> **WORK REQUEST**
Starting at the line that contains "(总)梦柏家纺 2025新款", transcribe each line through the end of the material below, exactly and nothing else, leaving out the pictures.

> **MATERIAL PROVIDED**
+ + + + +

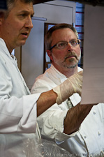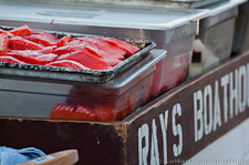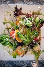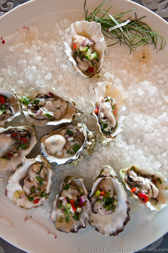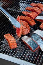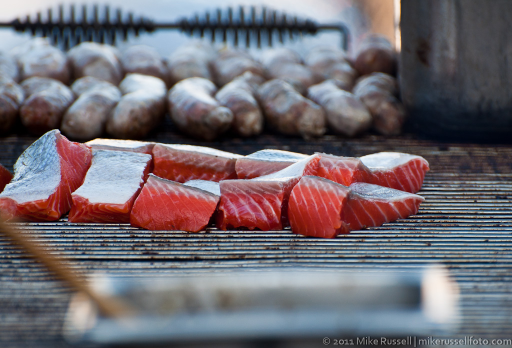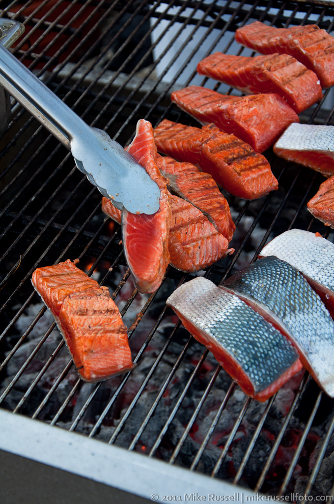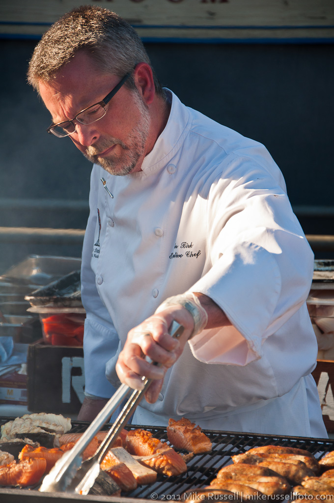 While most of the food was prepared in their banquet kitchen, Executive Chef Peter Birk was stationed at the grill out on the deck. The grill was surrounded by plenty of spark-catching sand to prevent a third fire to the 38 year old restaurant. It was great to watch Chef Pete in action grilling up the Chinook and Sockeye salmon from the Copper River as well as (I believe) Chinook from the Columbia River.
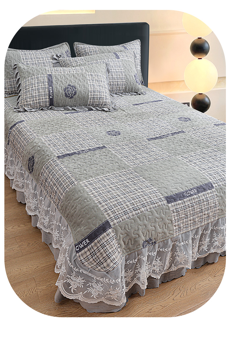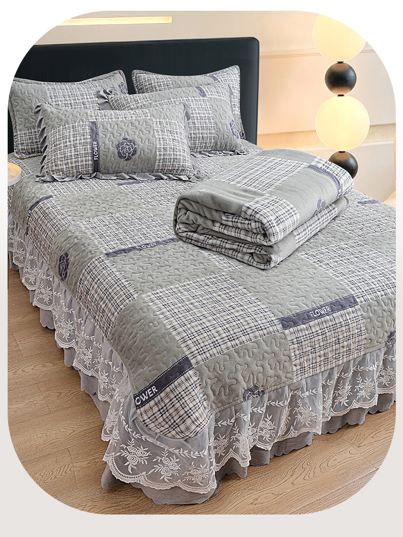 (总)梦柏家纺 2025新款韩式牛奶绒刺绣花边床盖四件套,风信紫,湖水蓝,浅草绿,蔷薇粉,樱花粉,月光白
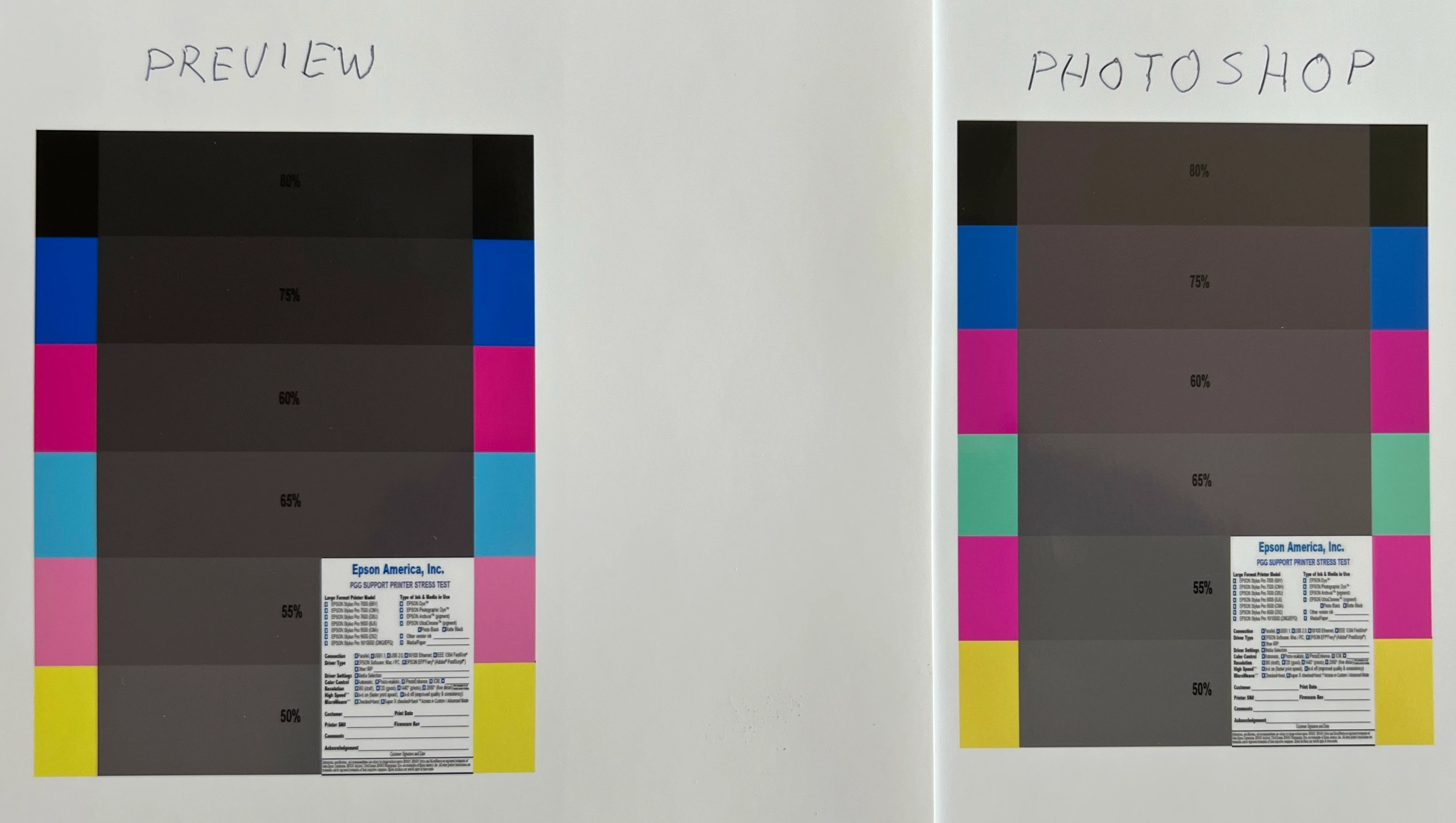 I've been back-and-forth with Epson support about this . They had me make a print of a test image they supplied with Photoshop and also another app. I used Preview. Here are the results, side-by-side:

+ + + + +

> **ANSWER SPACE**
 (总)梦柏家纺 2025新款韩式牛奶绒刺绣花边床盖四件套,风信紫,湖水蓝,浅草绿,蔷薇粉,樱花粉,月光白
 I've been back-and-forth with Epson support about this . They had me make a print of a test image they supplied with Photoshop and also another app. I used Preview. Here are the results, side-by-side:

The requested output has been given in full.